I know aq salt instructions. So do you follow instructions daily 100% water changes?
How much of the stress coat do you put? Do you also use water conditioner along with stress coat?


----------



## Spiderling00

One of my boys was like that when I got him, he used plants, his bubble nest and the side of the tank to keep himself upright. Hope your little guy pulls through. He's beautiful already.


----------



## rosy delta

Hard to believe no one bought him he is so beautiful, but he must have been meant for you. so lovely, and so wonderful you have him in your loving care


----------



## purplemuffin

Looks like he's getting better already! I hope he continues to improve.


----------



## BettaQi

He looks so much better!


----------



## Talen

He looks much better, not so skinny as he was.


----------



## MoonShadow

Todays update!


----------



## Talen

He is really improving, love his coloring.


----------



## xShainax

Look at his blue lipstick


----------



## Kitty Whiskers

Yay! :welldone: I am wishing very much that he will make a full recovery and live a long happy healthy life!
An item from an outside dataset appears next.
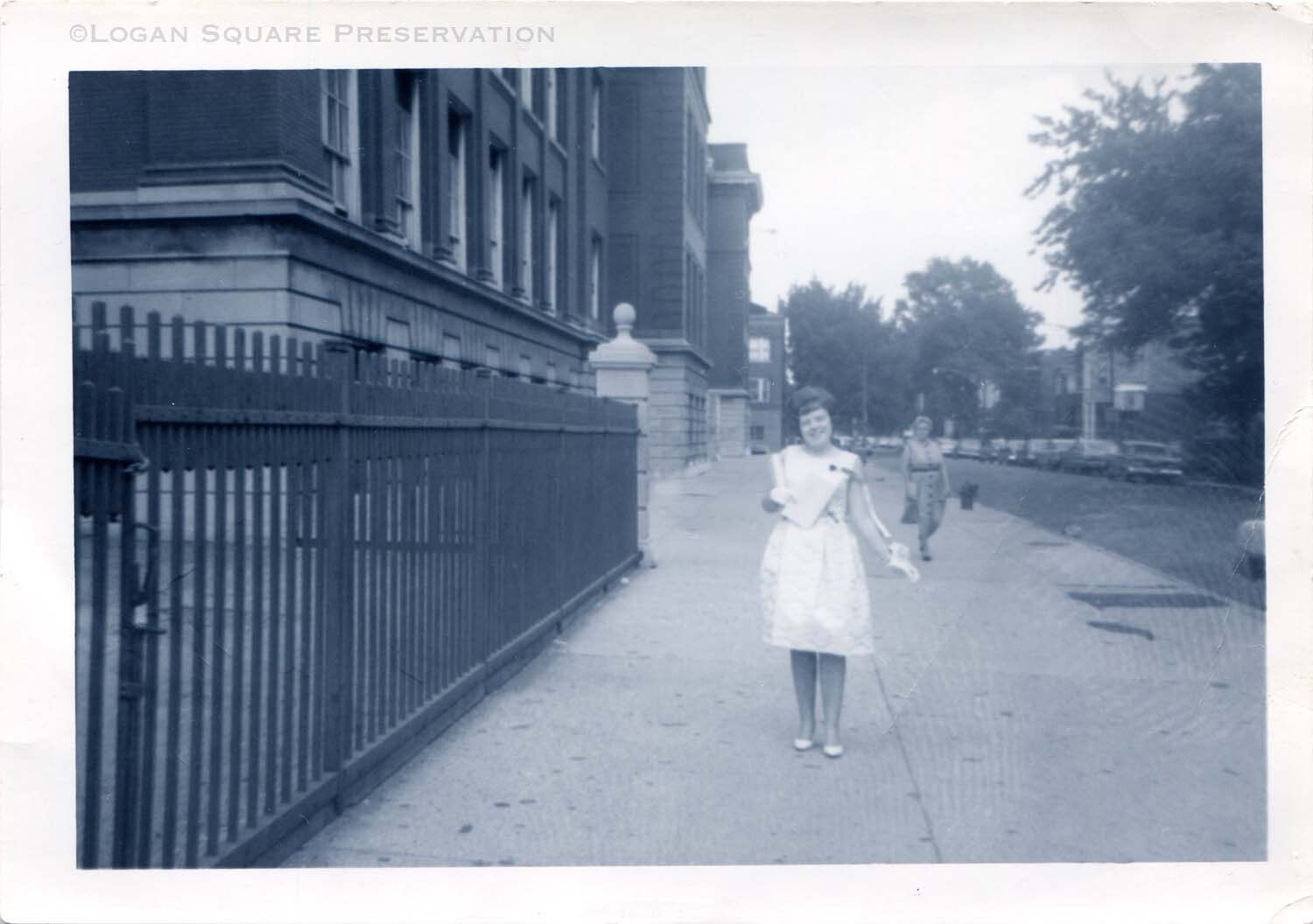 Snapshot photo of Diana Markey in white dress holding diploma outside schoolyard fence at Darwin School on graduation day 1964Photograph Details

Good job at taking such good care of him. ;-)


----------



## laynisample

How's this lovely boy doing?


----------



## misty1477

Wow !!! He is looking awesome. I love his color ... looks fluorescent :-D


----------



## RedRaz

He is beautiful! Looks so much better. Yay! Great job!


----------



## Perry the platypus

He doesn't look that skinny. Go Holden!


----------



## MoonShadow

Hey guys!! Sorry I haven't been on in a couple of days!! Been very busy! Holden is doing really well, eating like a champ, swimming more. I'll try and remember to charge my camera tomorrow and get pictures!


----------



## Hershey

Looks great so far.


----------



## phoenix91

Just a quick question, what did you do to tempt him to eat? I rescued a pretty sad looking guy on friday and he ate well the first 2 days and looks to be imrpoving but his appetite has gone (or rather his appetite for pellets has gone, he'd eat bloodworms all day if i let him).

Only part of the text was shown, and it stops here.